Yeah, it sounds good to me.


> If we're talking about hoist and stuff.. and if we want to go slightly
> further, I wonder if we could also drop RAM_SAVE_CONTROL_NOT_SUPP.
> 
>      if (!migrate_rdma() || migration_in_postcopy()) {
>          return RAM_SAVE_CONTROL_NOT_SUPP;
>      }
> 
> We should make sure rdma_control_save_page() won't get invoked at all in
> either case above..  

> For postcopy, maybe we could fail in the QMP migrate /
> migrate_incoming cmd, at migration_channels_and_transport_compatible()
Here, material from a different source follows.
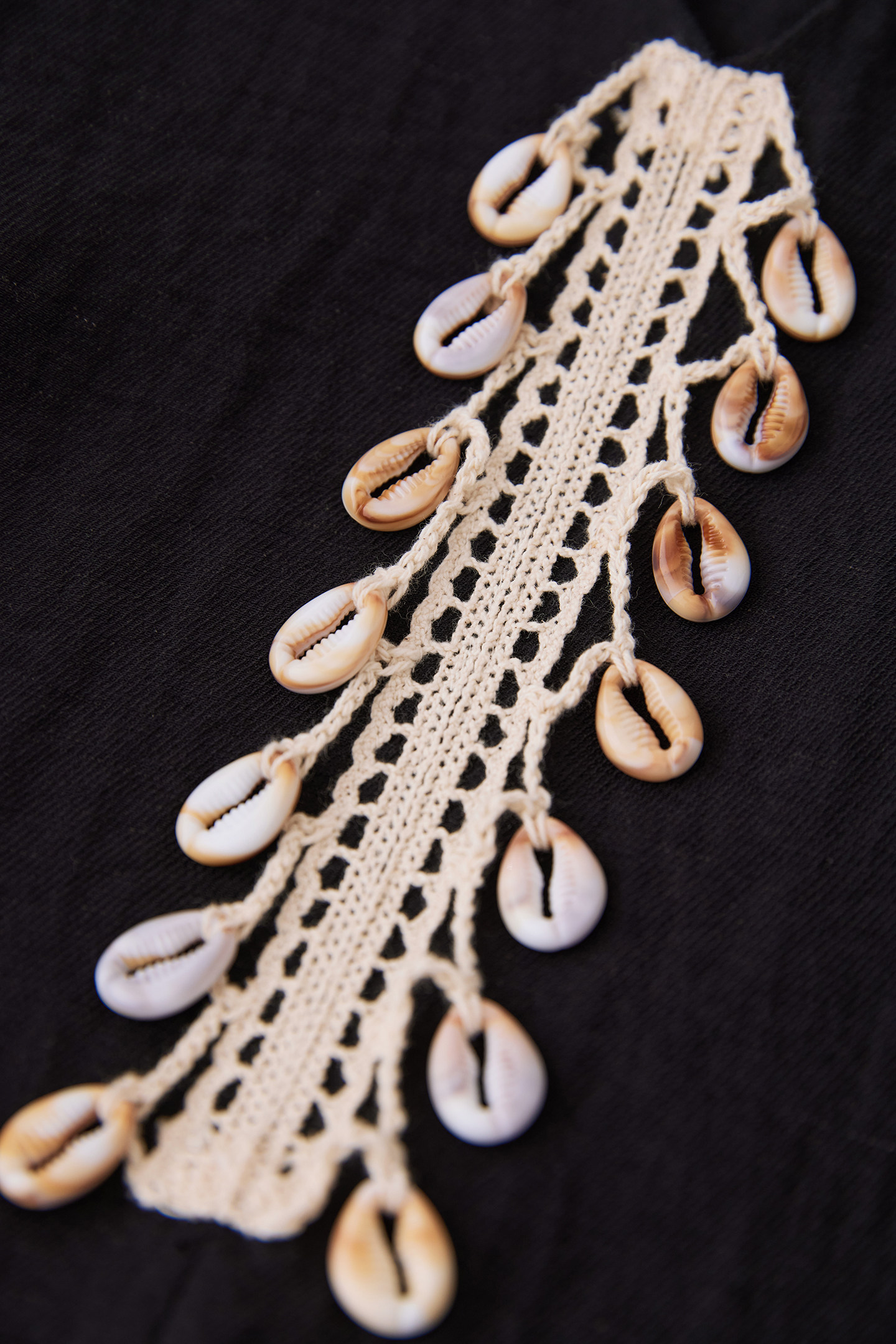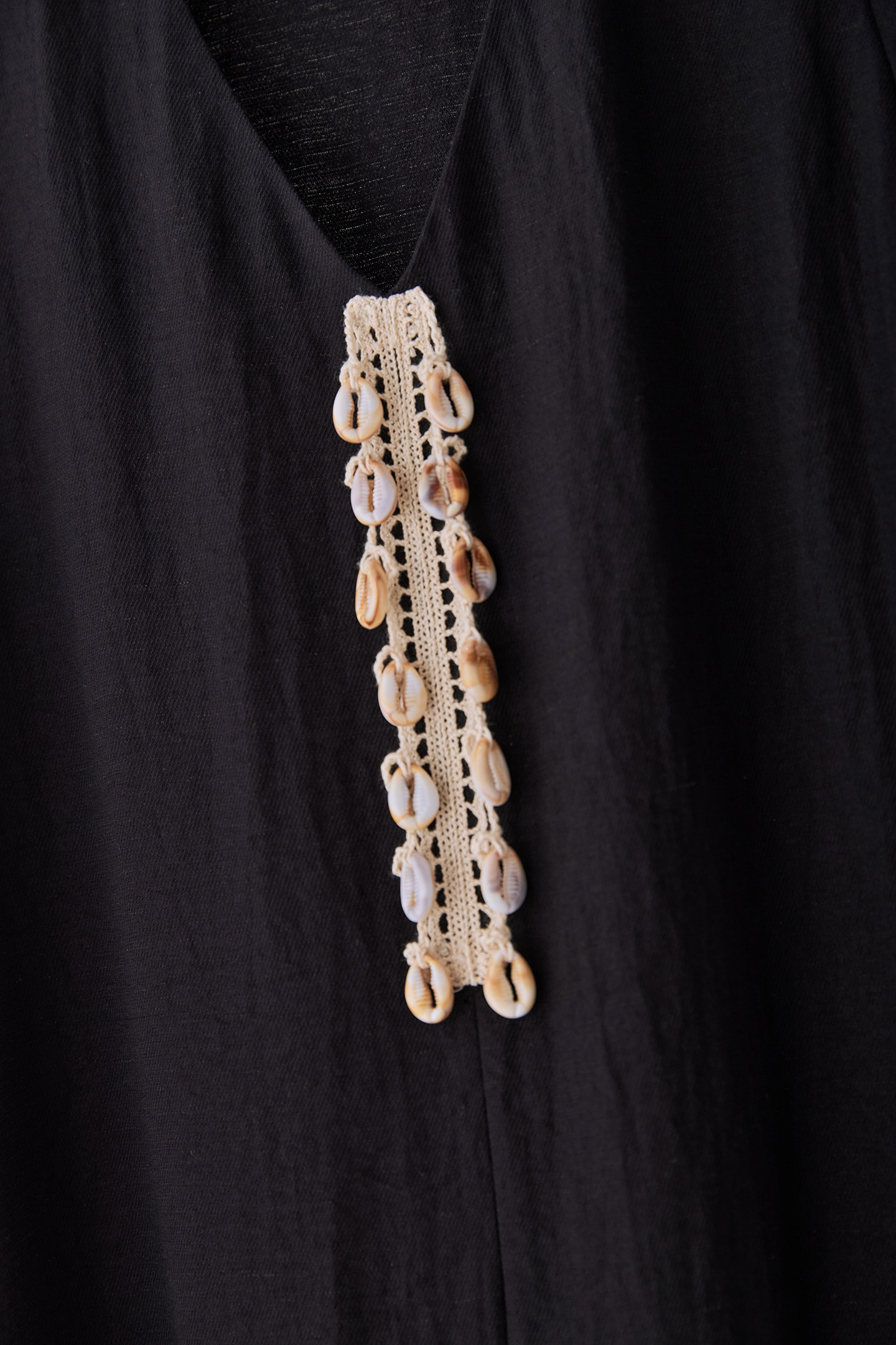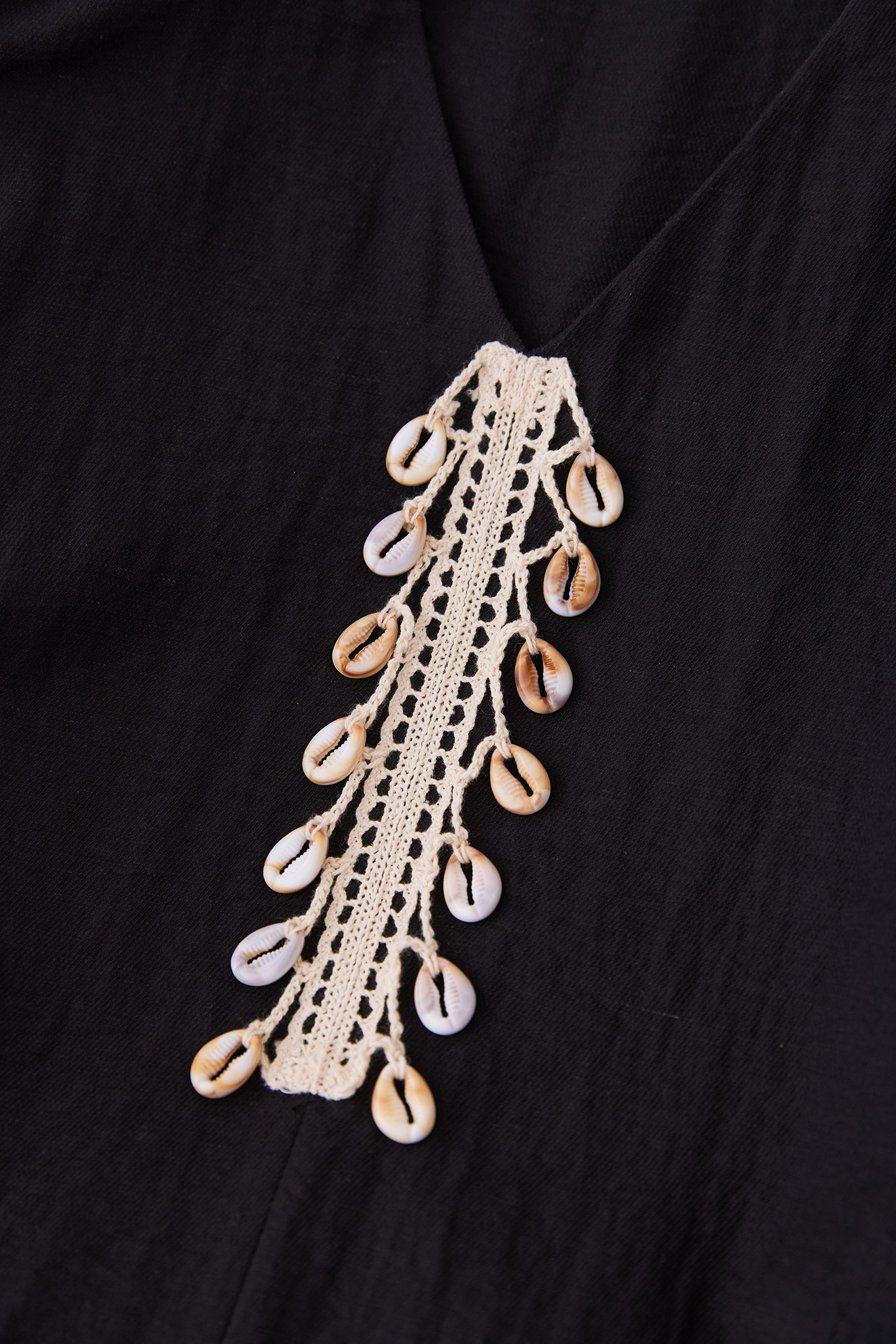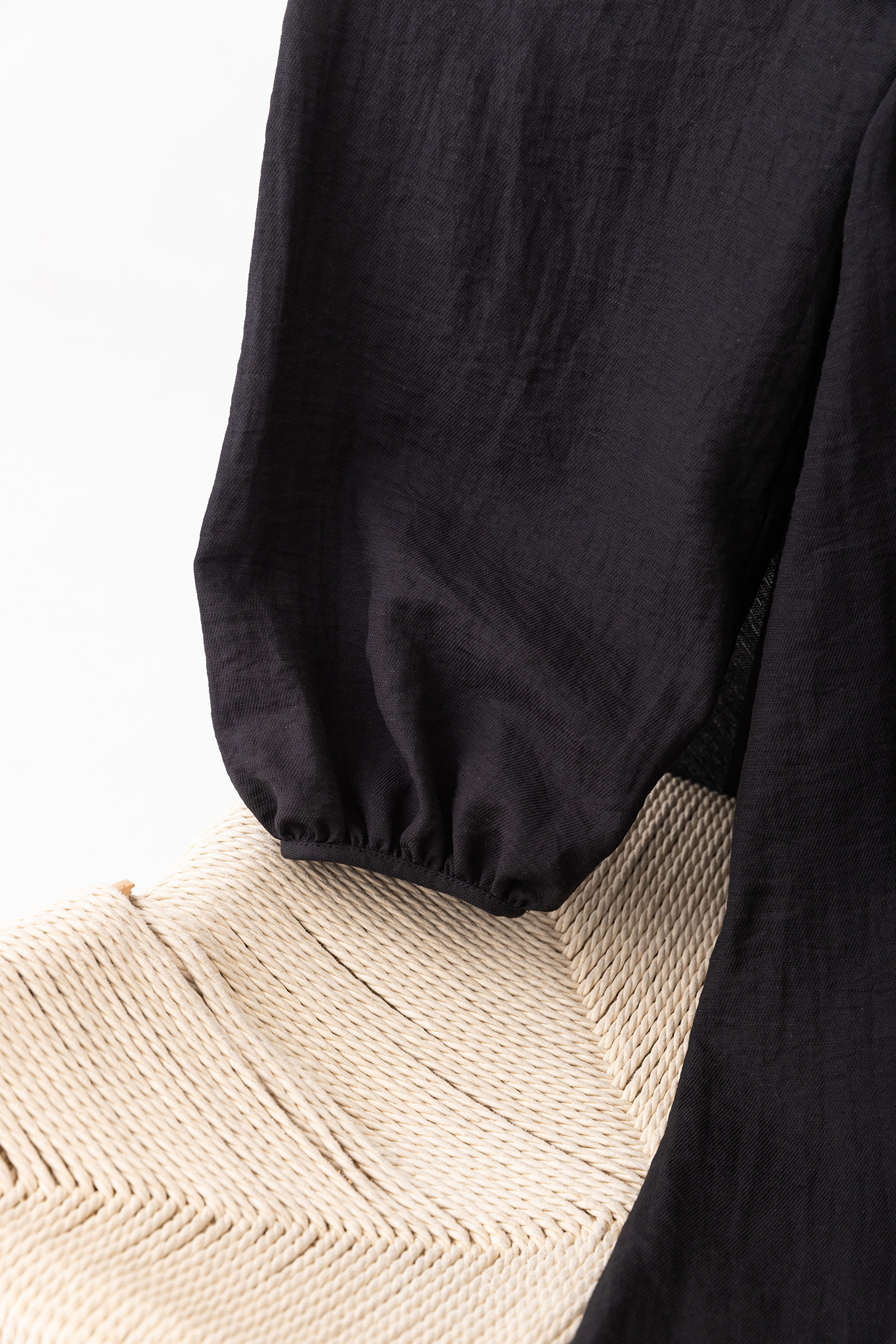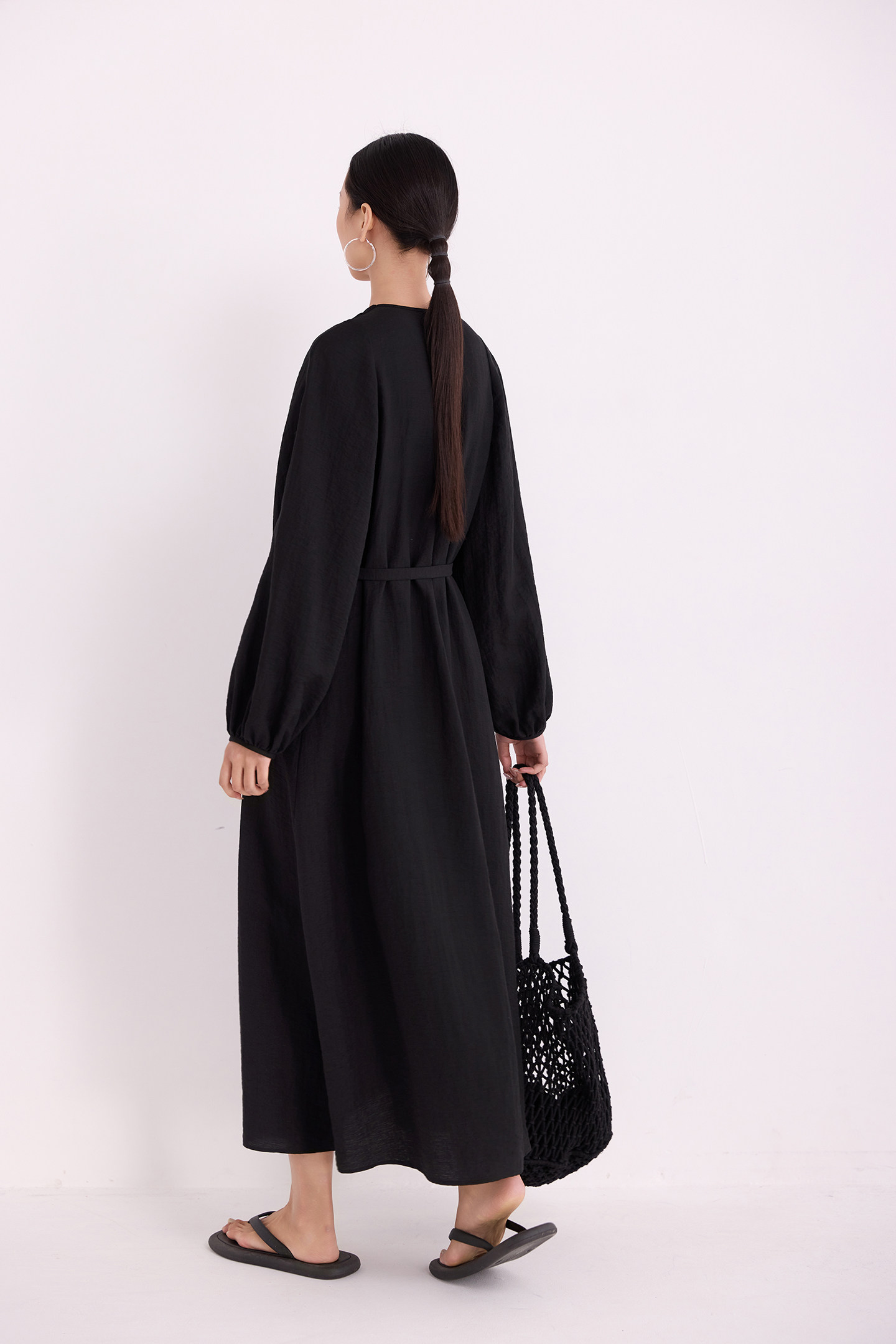 【ワンピース】ブラックVネック シェルボタン付き 長袖Aライン ロングドレス レトロ&リラックス感漂うデザイン【JZシリーズ】

I tried to kill RAM_SAVE_CONTROL_NOT_SUPP, but It seems it doesn't need to touch any postcopy logic
"in the QMP migrate / migrate_incoming cmd, at migration_channels_and_transport_compatible()"

Is there something I might have overlooked?

A whole draft diff would be like below:
It includes 3 parts:

migration/rdma: Remove unnecessary RAM_SAVE_CONTROL_NOT_SUPP check in rdma_control_save_page()
migration: kill RAM_SAVE_CONTROL_NOT_SUPP
migration: open control_save_page() to ram_save_target_page()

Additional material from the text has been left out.